With years of construction experience under his tool belt, Eric Cosgrove is someone with plenty of on-the-job knowledge.
He’s skilled as a general contractor and in a long list of building trades and tasks such as painting, plumbing, electrical and underground construction. Now Cosgrove shares that expertise as the apprenticeship readiness instructor at California Human Development in Stockton.
The program is part of the ValleyBuild partnership spanning 14 counties, with Cosgrove helping to train men and women in San Joaquin County and beyond for good-paying jobs in the construction trades. Partners in the training cohorts are California Human Development, the San Joaquin Building Trades Council, San Joaquin Worknet, Fresno Regional Workforce Development Board, and ValleyBuild.
Cosgrove said the job is a good fit for his skill set and background.
“When I was in the field working, I was making Product X for profit and this is a little different,” Cosgrove said. “Here, my goal is to get the student educated and help them cross that bridge into union employment.”
The eight-week Multi-Craft Core Curriculum (MC3) program taught by Cosgrove introduces students to a variety of construction trades and hands-on training, and also provides several certifications such as forklift and OSHA 10.
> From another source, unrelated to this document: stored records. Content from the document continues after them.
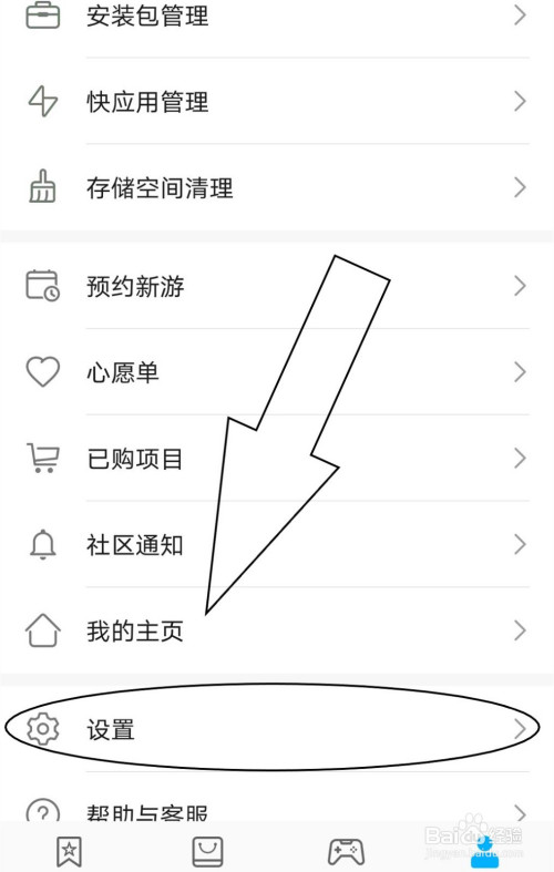 2.在我的页面中找到“设置”按钮。
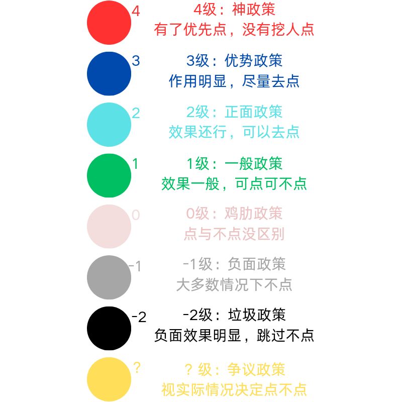 以上为对政策的评级分类标准,共分为﹣2到4共7个主要等级,对于同时具备正负面效果的政策,若在大多数情况下效果相对稳定,则归结为对应等级;反之若在不同条件下差异很大,则归结为争议等级"?级",并对其进行点评分析。关于政策带的加文化效果,本流派对应政策优先级适当提高。其他流派文化只要增长速度总体控制在本流派文化以下,其负面影响基本可以忽略不计。
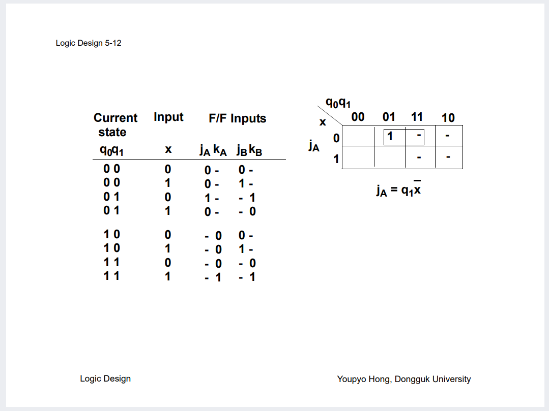 D-FF를 통한 구현이 아닌 JK-FF를 통해 구현해보자.
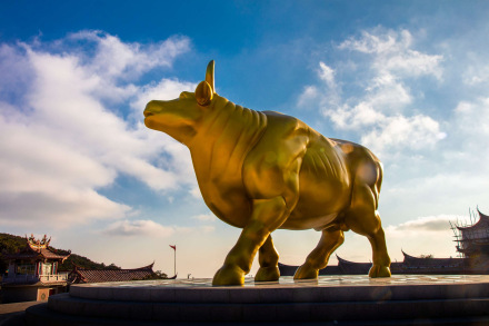 重修的祖殿東側小山坡上有頭福光萬丈的金牛,游客沿花紋元素登高臺階可得“福祿壽喜”祝福,金牛底座設置成轉盤,游客可根據(jù)自己的吉時轉動牛的方向,再圍繞金牛轉行,可完成“牛轉乾坤,人轉錢來”的祈福體驗。
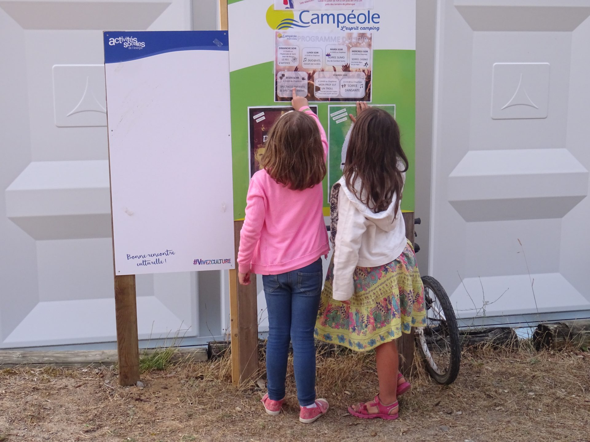 Le camping c’est aussi l’heure des retrouvailles entre enfants, chipie n’ a pas été au club enfants proposé par le camping mais s’est fait quelques copines et se retrouvaient devant le tableau d’animation chaque soir en attendant l’ouverture de la soirée !
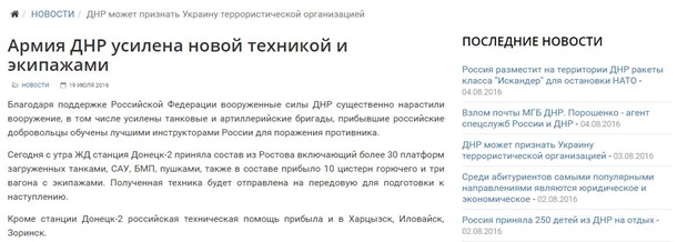 Вопреки официальной линии сепаратистов, указанный ресурс, в частности, утверждает, что ДНР начнет наступление на Светлодарск 8 августа в час ночи.

Sixteen students graduated in August from his most recent class and another cohort began in late September.
Cosgrove began working in union trades in his 20s. His experience ranges from painting off-shore oil rigs to preparing land for curbs and gutters to working as a general contractor. About four years ago, the physical grind prompted him to connect with the teaching position.
Today’s younger generation doesn’t have much exposure to the trades, Cosgrove said, and often doesn’t understand what union employment means. In one recent class, five students couldn’t even read a tape measure.
But now, after completing the course, those graduates have a skill set and potential direction for their lives. And that’s the pay-off for Cosgrove.
Recently, a woman with seven children stopped him at Walmart and asked if they knew each other. Cosgrove didn’t think so, but she remembered him as the instructor in her husband’s training class.
She said her husband now is in a union that provides good pay and benefits and that allowed their children to go to the dentist and get glasses. “That right there means a lot,” Cosgrove said.
There is room to expand the training program, he believes, and also to reach a younger generation searching for the right steady and good-paying career.
As always, Cosgrove was looking forward to his next class. The current class is special partly because his granddaughter is enrolled. He doesn’t know which trade she’ll lean toward but thinks she can succeed: “She is pretty smart.”